Adele Stafford of Voices of Industry weaves textiles using fiber that’s been grown by sustainable farmers across the USA. This consummate creative works in an artisans’ collective housed in the Heath Ceramics tile factory in San Francisco, so we were beyond thrilled to stop by and see what kind of magic she’s been weaving.
We love Heath Ceramics! What’s it like working in its building?
“There are about eight of us small-batch manufacturers in residence on the second floor above the tile factory. I actually share my studio with a woman named Joanne Zorkendorfer, who’s behind Olli, this cool traditional craft company. There are other textile studios, jewelers, and a letterpress shop up there too. It’s a lovely creative place to be.”
How long have you had a studio there?
“Only for about three months—I started Voices of Industry in December 2013—but I hope to be there for years to come.”
What inspired you to start your own company?
“I’d been working in corporate design, managing a creative team and overseeing accounts. But being a maker was always in the background. I actually graduated from the Rhode Island School of Design as a glass blower! I knew I wanted a change, so I left my job.”
Did you have a plan at the time?
“Not really. I gave myself three to four months to play discovery and figure out what to do next. I learned how to weave in middle school, and I’ve always loved textiles, so I decided to explore that direction. I apprenticed with a textile maker and took a weaving class with this insanely amazing teacher, Jan Langdon, who weaved with all the greats in the 1950s and ’60s including Anni Albers and Jack Lenor Larsen. The first time I sat down at the loom again, I felt like I was at home.”

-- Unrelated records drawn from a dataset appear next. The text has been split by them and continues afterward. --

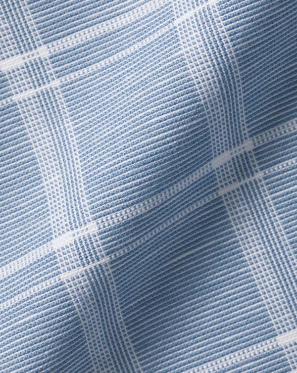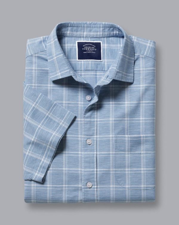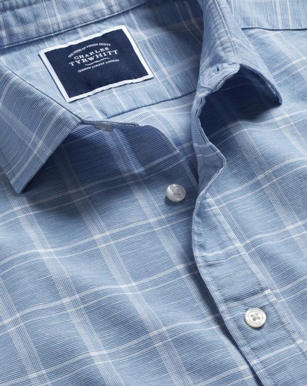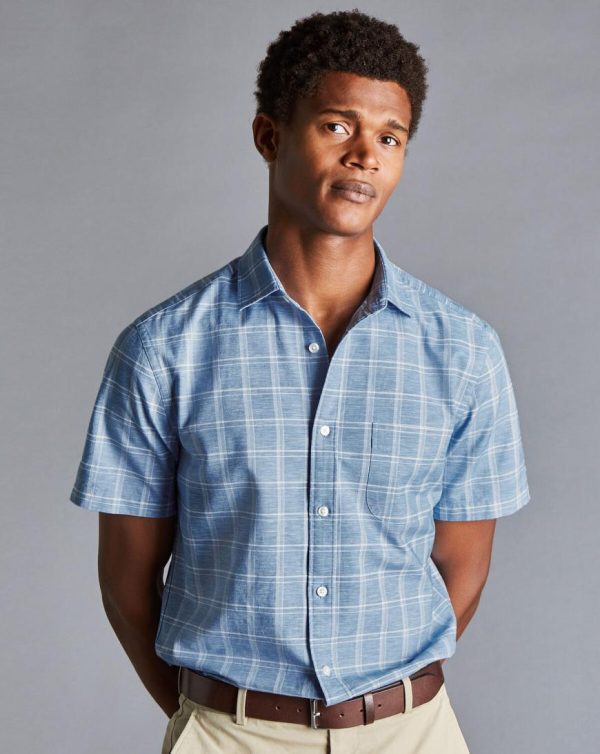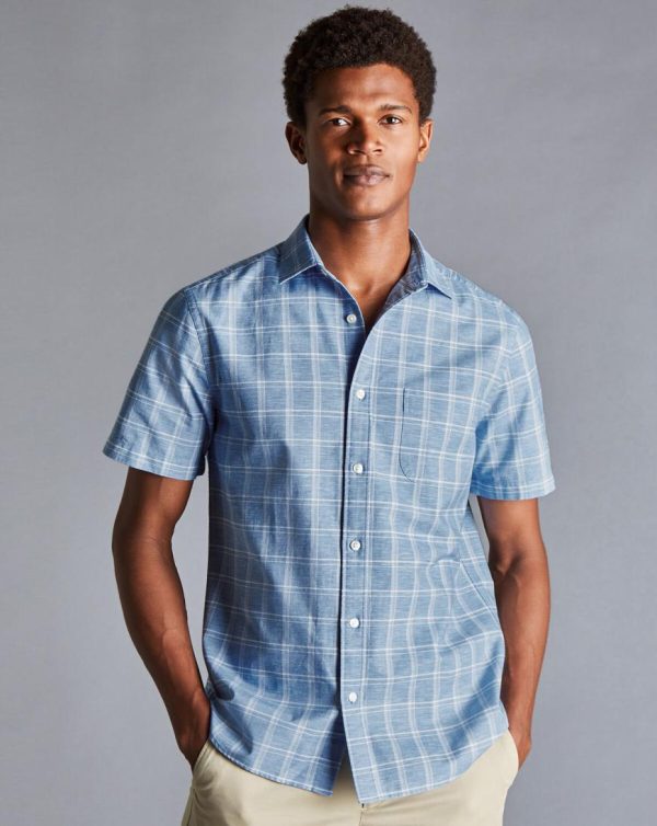 Men Cotton Linen Oxford Check Short Sleeve Shirt Indigo | Charles Tyrwhitt Casual
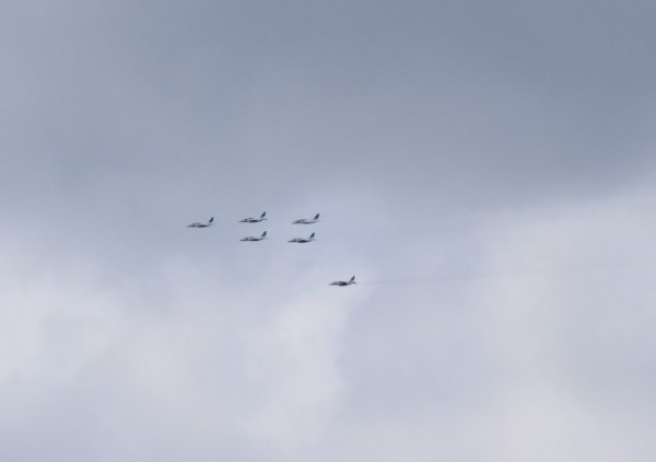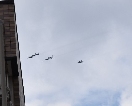 航空自衛隊のブルーインパルスが等々力緑地で展示飛行する往復で
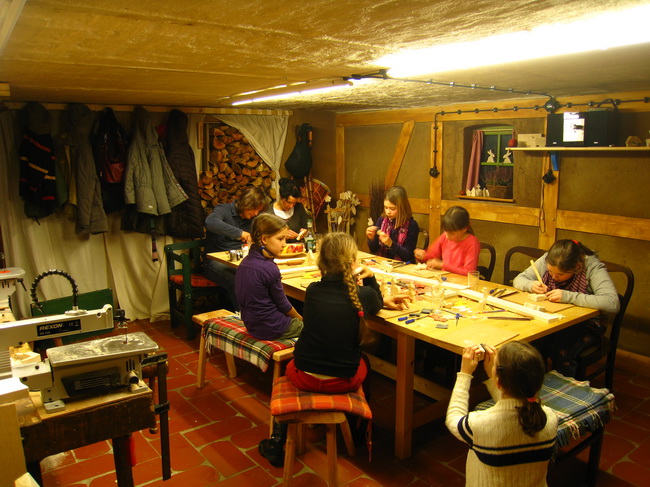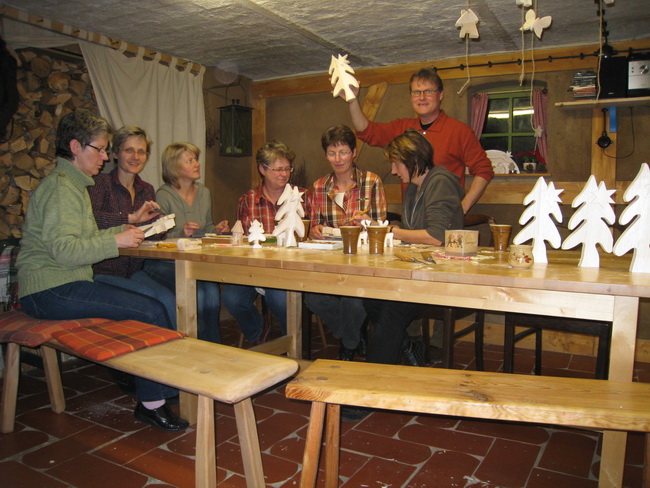 Wir plaudern und arbeiten am großen Basteltisch in der Werkstatt bei prasselndem Holzfeuer oder bei schönem Wetter auf dem Hof mit Storchenblick.

So then you started Voices of Industry. How would you describe it?
“I strive to tell an agricultural story through my textiles, which utilize domestic fiber that’s 100-percent farmed and spun in the United States. We invest in the independent farmer, the biodynamic alchemist, and the punk-rock shepherdess.”
Why is it so important to you to use sustainable domestic fiber?
“I was raised by a chef, and I’ve been part of Slow Food for 15 years, so I’ve been very aware of the relationship between food and farmer. When I started getting into weaving and sourcing yarn, I wanted to know exactly where it came from. Companies are more and more transparent about their source of labor, but you still rarely know the origin of the cloth.”
What do you look for in the farmers you work with?
“They have to be independent, use sustainable agricultural practices, possess an empathetic approach to breeding, and have an emotional relationship with the land.”
Have you personally met every farmer you work with?
“Absolutely! And I’ve spent time on all their farms. We were recently at a farm outside Asheville, NC, for a week harvesting wool. Every farmer I work with is a quirky individual—you have to be a bit on the fringe to do this job; it’s so, so hard. But they all have an awesome narrative, and they’re all so beautiful in terms of their commitment to the land.”
What does a typical day in your studio look like?
“I commute in from Oakland, pretty early. I weave in the mornings because it’s the time of day when I’m the most productive, and because it’s impossible to weave when you’re tired. I’ll weave for no more than five hours—it’s hard on the body—then in the afternoon I’ll design, work on the business side, update the website, and lead studio tours.”
Why do you love weaving?
“I love the rhythm. It’s incredibly meditative, though your body has to be very present. You can’t go into autopilot. But I love that it’s physical, that the entire process is driven by my body. I also simply love fiber.”
Can you describe your design process?
“I do a very rough sketch of my ideas, then bring those drawings along with a mood board to my patternmaker. We work very closely together. I try to design as many pieces as I can from one width of cloth, so we’ll sit down and she’ll tell me what’s possible and what’s not. Then we’ll create samples and land on our final product.”
What goes through your mind when you step back and look at one of your finished pieces?
“I’m really proud of the work and excited about getting it out into the world.”
Where do you look for inspiration?
“To the materials themselves. Most people don’t really realize the amazing differences in color between one cotton plant to the next. I’m also inspired by the geometry of fields—the blueprint of that geometry from an aerial view.”
You live in Oakland—are there any local eateries taking a farm-to-table approach that you really appreciate?
“Camino. The centerpiece of the restaurant is this huge wood-burning spit. It’s old school—much like this big hulking loom I weave on. The chef worked at Chez Panisse for many years, and he sources all his ingredients from incredible purveyors and farms. The menu changes daily, but I love Dungeness crab month, when they’ll cook a whole crab in the oven. They also have a savory condiment plate you can get at lunch with herb jams and cheeses. Just delicious.”